(Records drawn from a dataset)
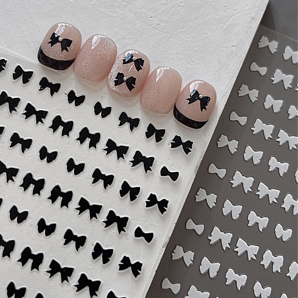 YITU 개미 그림 단색 양각 활 네일 아트 스티커 블랙 화이트 타이 네일 장식 작은 패치 YT499스토어 가기
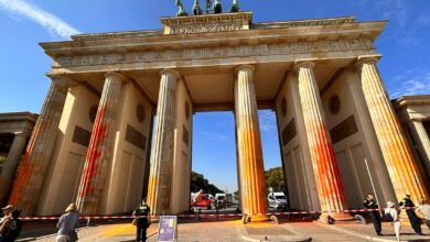 Vandalizaron con pintura la Puerta de Brandeburgo en la capital de Alemania: 14 detenidos
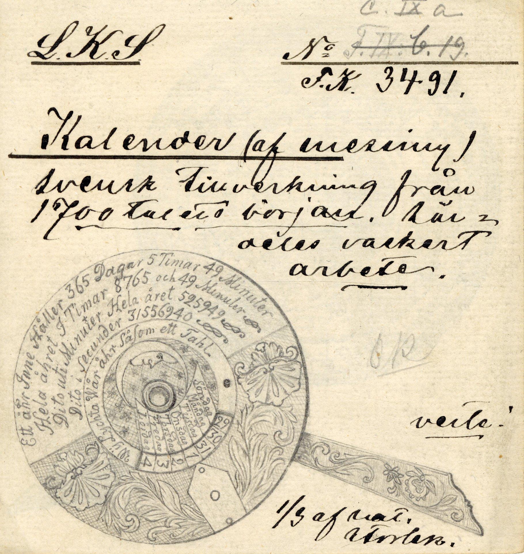 - Cirkelrund mässingsskiva med 110 mm:s diameter. På skivans framsida inom cirklar ingraverat från kanten mot centrum månadernas dagar, den 10:nde, 20:nde, 30:nde och 31:ste angivna med siffror. Månadernas namn. Djurkretsens symbolfigurer. På baksidan ytterst ett band med bladornament samt ett textfält med texten: Ett åhr Inne Håller 365 Dagar 5 timar 49 minuter. Hela åhret I Timar 8765 och 49 minuter. Dito uti Minuter Hela åhret 525949. Dito i secunder 31556940. Där innanför ett textband med 1/4 genombrutet, med texten: Wij Lychta Wår åhr Såsom ett Tahl. I centrum ett fält med månskäran, stjärnor och inom ett textfält veckodagarnas namn. Detta textfält mitt för och intill det genombrutna bandsegmentet. På framsidan av skivan rörligt fästad en tandad cirkelskiva och geometrisk ornamentering. På en av tänderna en solskiva omgiven av strålar som visare. Dessutom är även rörligt flätad på denna sida en ornamenterad visare. I det genombrutna fältet på baksidan är siffror inristade i ett cirkelband. Skivan med månskära och veckodagar samt textraden rörlig.
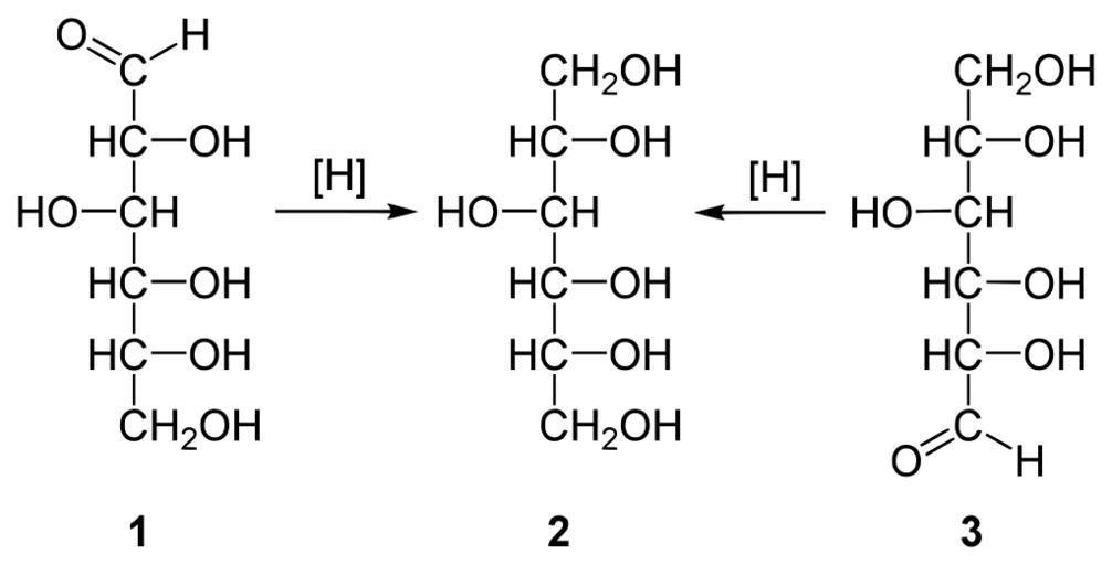 Keywords: Synthesis of sorbitol.svg en synthesis of D-sorbitol 2 reducing D-glucose 1 or L-gulose 3 de Synthese von D-Sorbitol 2 durch das Reduzieren von D-Glucose 1 oder L-Gulose 3 own Yikrazuul 2009-10-26 Sorbitol Glucose Gulose Fischer projection
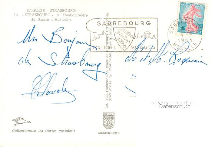 13617485 Strasbourg Alsace Le Strasbourg a l’embarcadere du Bassin d Austerlitz postalisch gelaufen Erhaltung siehe scans [WerneD78] carte postale Wern Katcode 11170067867482
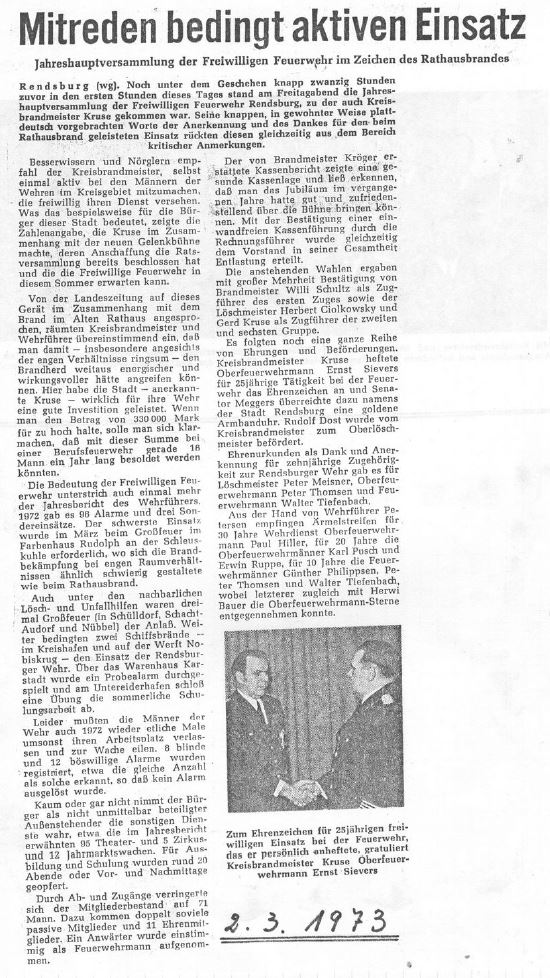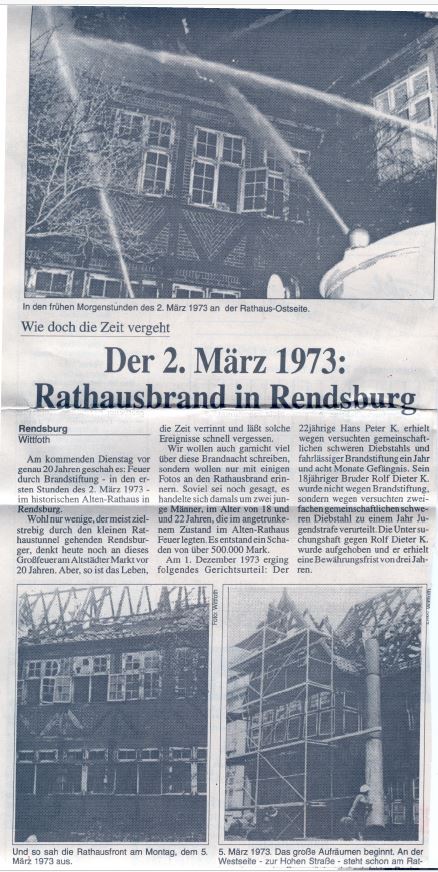 Durch ein großes Schadensfeuer im Alten Rathaus in Rendsburg ist in der Nacht zum 2.März viel wertvolles, zum Teil unersetzliches Museumsgut vernichtet oder sehr schwer beschädigt worden. Im Jahre 1932 wurde ein Teil der Räume des Alten Rathauses dem Heimatmuseum für seine Zwecke zur Verfügung gestellt. Die Verwaltung war damals in das heutige Rathaus umgezogen.

Prompt: Your output is the lines from the top of the entries through the line containing "Vandalizaron con pintura", exactly as they stand. No pictures belong in it.

Solution to the exercise:
 YITU 개미 그림 단색 양각 활 네일 아트 스티커 블랙 화이트 타이 네일 장식 작은 패치 YT499스토어 가기
 Vandalizaron con pintura la Puerta de Brandeburgo en la capital de Alemania: 14 detenidos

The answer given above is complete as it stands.